There is also the question of when the interest or ‘staking rewards’ are beneficially owned. In most cases, validators pay delegators network fees in real-time, i.e after every block. This means that, potentially, delegators could be receiving income every few minutes or even seconds. To keep a record of this would be next to impossible for regular users. For most staking contracts, the rewards are distributed by a smart contract that assigns a proportion of the generated fees to each delegator depending on the number of tokens they have delegated. The delegator will then have to ‘claim’ this reward in most cases. It is only at this point that the delegator will have the funds accessible in their account. From a reporting perspective, it is likely that this is the point where staking rewards are beneficially owned and the taxable income event occurs. From here, if you sell the staking rewards, this will be a capital disposal event and the cost base of the staking rewards will be the market price at the time they became beneficially owned.
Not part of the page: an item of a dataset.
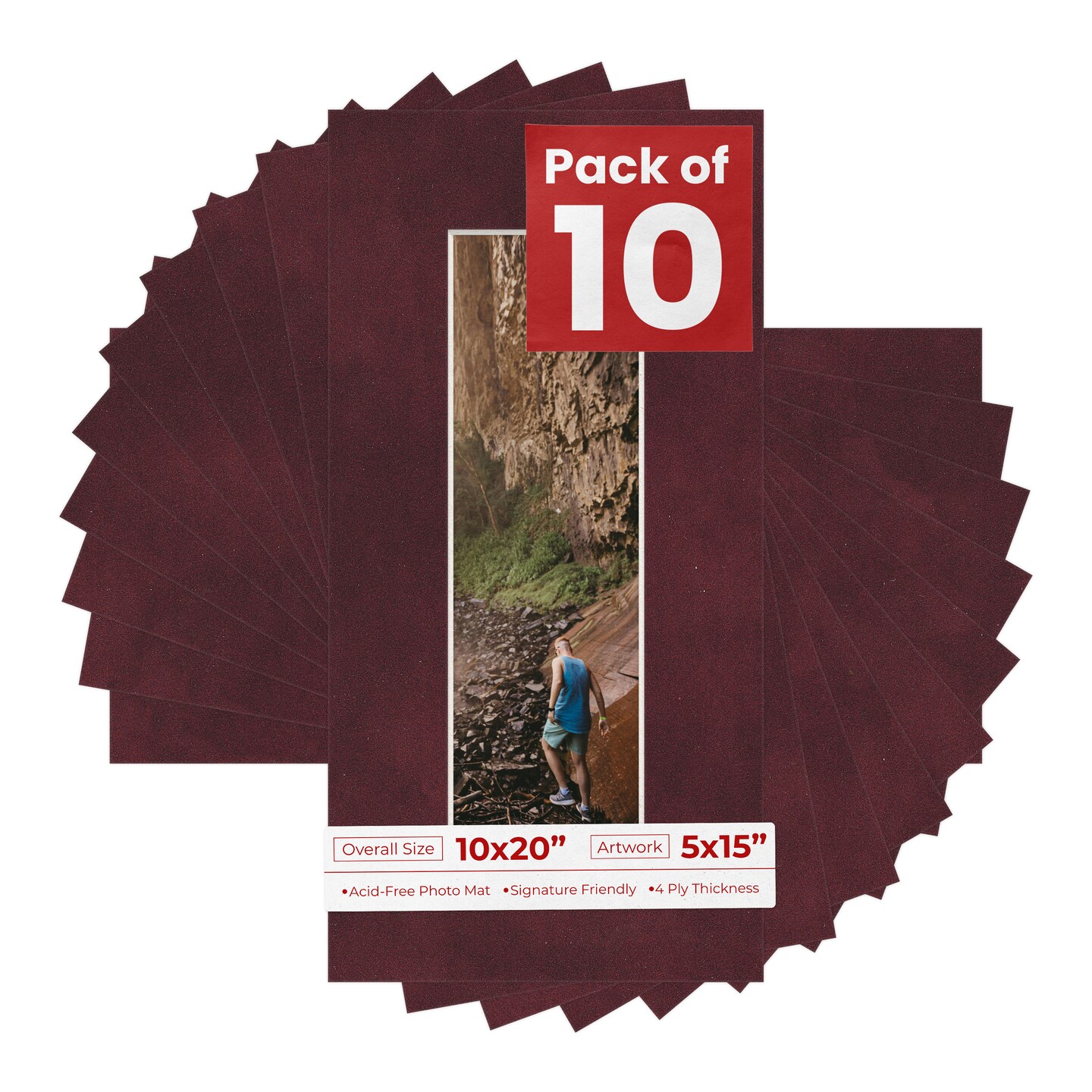 Dark Red Suede Mat Board for 10x20 Frames - Fits 5x15 Photos

Some centralized exchanges and custodial wallets offer ‘staking’ to users. These entities generally will do the ‘hard work’ of staking your assets for you and in return, will take a cut of your staking rewards. The staking rewards are usually paid to the user’s account/wallet on regular intervals. In this situation, users will generally lock their tokens in a specific wallet or section of their account. Doing this generally has some limitations, such as time constraints on when the assets can be withdrawn etc. This is again a grey area, and it could be argued either way whether this would be considered a disposal event or not. If the centralized exchange still gives the user full control over the staked asset, it may not be considered a disposal event.Similarly to the above, the staking rewards would be considered income in most cases, with this being realized at the time the staking reward is deposited into the user’s wallet.

Some decentralized platforms use the term ‘staking’ for other events such as locking assets into a pool to earn yield or to get a share of the platform’s fees. In reality, this use of the term ‘staking’ is not exactly true to the typical delegation transaction that is outlined above. Instead, these transactions are more likely to fall into the scenarios outlined in the section ‘Yield Farming’ (above) so it is important to know what scenario your transactions would fall into.
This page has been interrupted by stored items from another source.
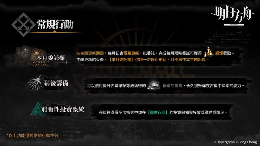 . 「常规行动」获取方式:「探索结束」、解锁「猩红珍藏-长生者宝盒」未知收藏品、完成「本月委托栏」限时委托。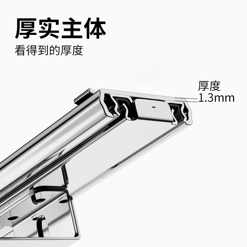 固特不锈钢抽屉轨道三节轨加厚缓冲阻尼静音导轨橱柜键盘托滑轨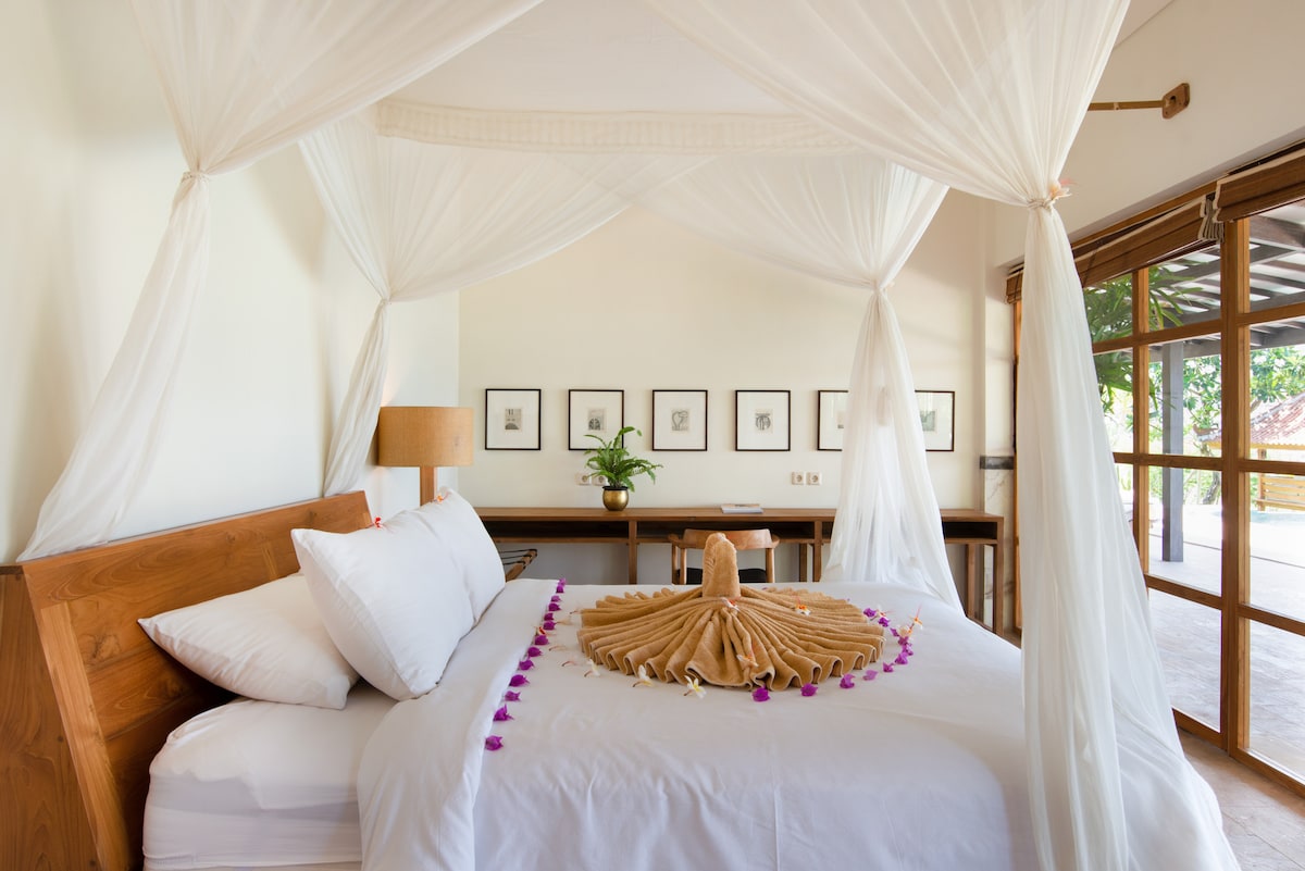हिरव्या टेकड्यांनी वेढलेल्या 100+ हेक्टर पॅडीजच्या सीमेवरील व्हिला ब्लू स्टेप्स शहराच्या मध्यभागी फक्त 10 -15 मिनिटांच्या अंतरावर आहे, चालणे, सायकल ट्रिप्स किंवा फक्त आराम करण्यासाठी योग्य असलेल्या भागात. हे पूर्ववत केलेले पारंपारिक घर सर्व सुविधा, खाजगी गार्डन आणि पूलसह सुसज्ज आहे. ब्रेकफास्ट समाविष्ट आहे आणि आम्ही आमच्या जवळपासच्या ब्लू स्टेप्स रेस्टॉरंटमधून सर्व जेवणांची पूर्तता करू शकतो. व्हिला ब्लू स्टेप्स ही कुटुंबासमवेत काही खाजगी वेळ घालवण्यासाठी किंवा एकत्र काही रोमँटिक दिवस घालवण्यासाठी एक अपवादात्मक जागा आहे! आमचे रिव्ह्यूज पहा!

Liquidity Pools and LP Tokens

A liquidity pool is essentially a group of tokens locked into a smart contract that enables decentralized token swaps, lending, borrowing, and other activities, all on-chain. Each liquidity pool will have a specific composition of assets (usually 2-3 specific tokens) where the amount of Token A + Token B = 'LP token AB', and liquidity providers must deposit predetermined proportions of each token to enter the pool. Liquidity pools form the backbone of decentralized exchanges and many DeFi applications.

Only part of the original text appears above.